La "parabola" nel diritto

Avv. Giovanni Gatteschi e Avv. Marcello Catacchini con la collaborazione di Dott. Andrea Santini
(Studio Legale Gatteschi - Arezzo)

Sommario

  1. Premessa metodologica
  2. La ratio della normativa vigente
  3. Formalità per l′installazione
  4. Parabola e condominio
  5. Parabola e locazione
  6. Tutela dei diritti
  7. Conclusioni

1. Premessa metodologica

Ogni innovazione tecnologica crea una serie di problematiche di carattere giuridico, conseguenti al fatto che la normativa che regola il settore nel quale sorge la nuova tecnica, non prevedeva, né poteva prevedere, l´avvento della stessa, con il naturale ed ineliminabile effetto che, per un certo periodo, l´interprete e l´operatore del diritto sono costretti ad applicare norme dettate per altre e diverse fattispecie e dunque ad interpretarle in modo analogico.
La circostanza, come evidente, non solo rende più complessa la individuazione della regola da applicare, ma soprattutto da luogo ad un diritto "meno certo". E la certezza del diritto è (o dovrebbe essere) invece uno dei capisaldi degli stati moderni.
Tutto ciò è avvenuto (ed in buona parte ancora avviene) con il vasto "mondo internet", ma anche con le trasmissioni satellitari, che nel momento in cui si sono diffuse presso il grande pubblico, hanno dato luogo ad una serie di problematiche giuridiche non indifferenti, in primo luogo per il sostanziale superamento degli ordinari confini comunicativi.
In queste note ci occuperemo di un aspetto forse più marginale di queste problematiche, ma particolarmente rilevante per ogni operatore del settore, quello delle "antenne paraboliche" e della loro installazione.
Eurosatellite − grazie alla quale è sorto questo spazio di servizio e di approfondimento giuridico − ha formato negli anni migliaia di installatori di antenne che hanno a loro volta installato migliaia di antenne.
Inutile dire che le prime installazioni hanno dato luogo a controversie, dissidi e problemi non di poco conto specie perché sorti con vicini di casa.
I problemi sorgevano proprio perché la normativa da applicare era incerta, i precedenti giurisprudenziali non esistevano e dunque qualunque operatore si occupasse del problema si trovava di fronte a "buchi normativi" ai quali tentava di supplire mediante quella interpretazione analogica che, per sua stessa natura, non era in grado di dare una reale uniformità applicativa.
Come sempre poi, il diritto si adegua alla nuova realtà e, mano a mano che il fenomeno diveniva "di massa", nascevano le prime norme di legge e nel contempo emergevano i primi precedenti giurisprudenziali che nel loro complesso andavano a formare un quadro normativo sempre più chiaro.
Oggi, a distanza di ormai tre lustri dalla nascita del fenomeno, può affermarsi esistente una regolamentazione del problema "antenna parabolica" quasi completa e comunque atta a consentire a ciascuno di operare in una ambito di significativa "certezza".

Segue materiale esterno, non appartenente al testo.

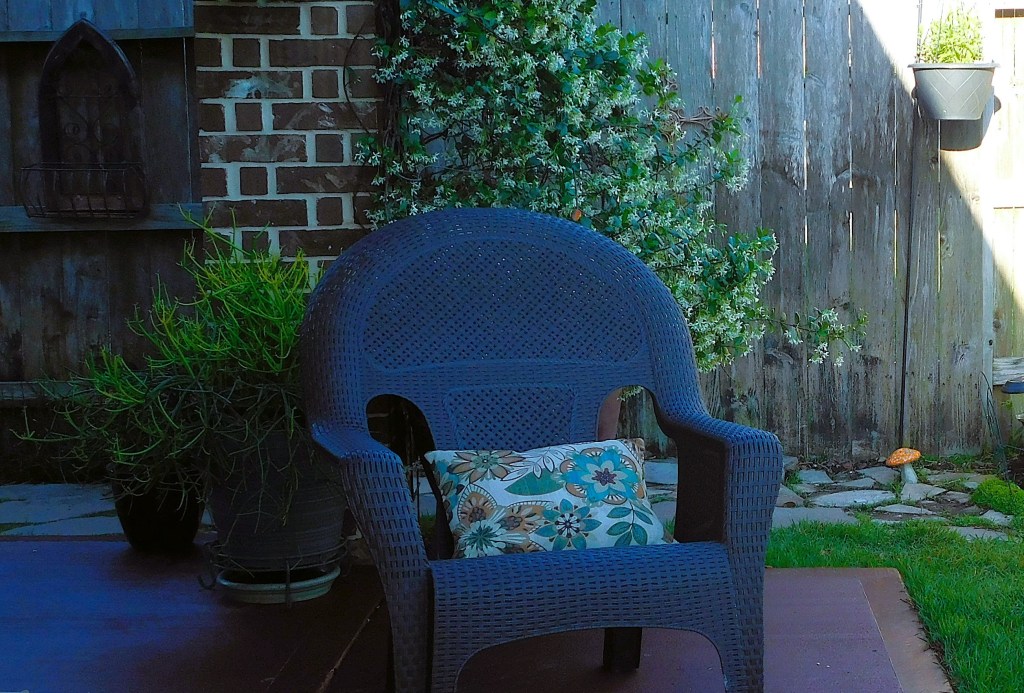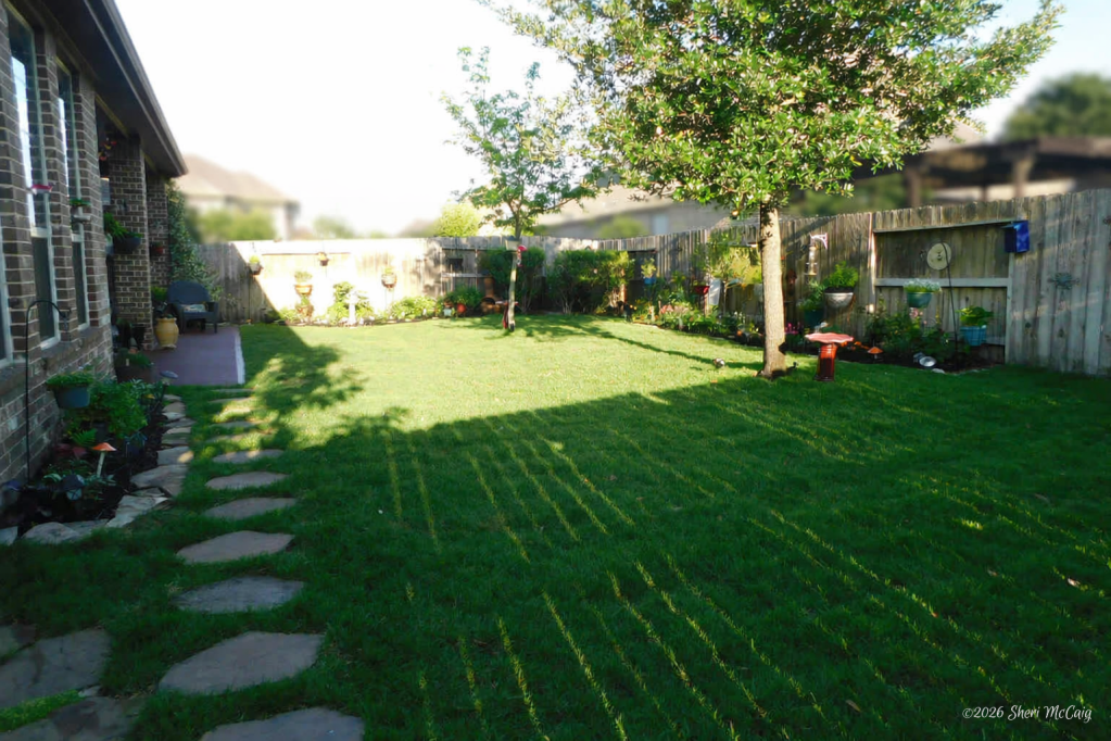 The patio extension and new grass are in, and we have been enjoying them for a couple of weeks. They give the backyard a whole new look. The grass is like a carpet underfoot, and the patio extension covers the area that never gets sunlight.

2. La ratio della normativa vigente

In queste note riteniamo non essenziale procedere ad un excursus storico delle varie normative e pronunce giurisprudenziali più significative.
Riteniamo invece utile, prima di esaminare l´attuale quadro normativo di riferimento, sottolineare come la ratio delle ultime norme, che deve quindi costituire la base per una corretta interpretazione della legislazione vigente, è quella che, con latinismo caro ai giuristi ma tipicamente maccheronico, potremmo definire del "favor parabolis".
Il principio informatore della materia qui trattata è da ricondursi all´articolo 21 della Costituzione che sancisce il diritto di ogni uomo a manifestare liberamente il proprio pensiero; tale "libertà di manifestazione" sottende e garantisce necessariamente il diritto di ciascuno a poter formare il proprio pensiero individuale nel modo più critico possibile e senza condizionamenti di sorta.
Nella società del villaggio globale, tale "libertà di formazione del pensiero" può trovare esplicitazione solo ove sia garantita la possibilità al singolo di poter accedere liberamente al maggior numero possibile di canali e fonti di informazione, cosicché ciascuno possa enucleare, attraverso la dialettica del pluralismo mediatico, un proprio pensiero, originale ed irripetibile.
Inoltre è anche necessario, per non ridurre il citato articolo 21 della Costituzione ad una semplice dichiarazione programmatica, salvaguardare l´effettività della trasmissione delle informazioni tra i vari soggetti, indipendentemente dal mezzo che essi decidano di adottare per manifestare il proprio pensiero (nel caso, trasmissioni via satellite che debbono quindi poter essere ricevute da chiunque lo voglia).
Il quadro appena delineato ha fatto sì che, in seno all´amplissima fattispecie tutelata dall´articolo 21 della Costituzione., si concretasse, grazie agli input di una pur datata, ma sempre emblematica giurisprudenza di Cassazione, il riconoscimento un più specifico "diritto alla parabola" (inteso come il diritto di ciascuno ad installare e mantenere una antenna parabolica − mezzo con il quale è possibile accedere ad una vasta gamma di fonti di informazione − ) che, stante il suo rango costituzionale, ha un valore pressochè assoluto e comunque tale da sottordinare altri ed eventualmente confliggenti, diritti.
Sulla sorta delle precedenti considerazioni si sono mossi negli ultimi anni sia il legislatore che la giurisprudenza, da un lato eliminando in maniera pressoché totale vincoli e autorizzazioni per l´installazione delle antenne paraboliche e dall´altro concedendo un ambito di tutela effettiva al "diritto alla parabola" spettante al singolo individuo, anche in quei casi (tra tutti si sottolineano le situazioni di condominio e di locazione) in cui esso si manifestava in forte attrito con i diritti e gli interessi di soggetti terzi.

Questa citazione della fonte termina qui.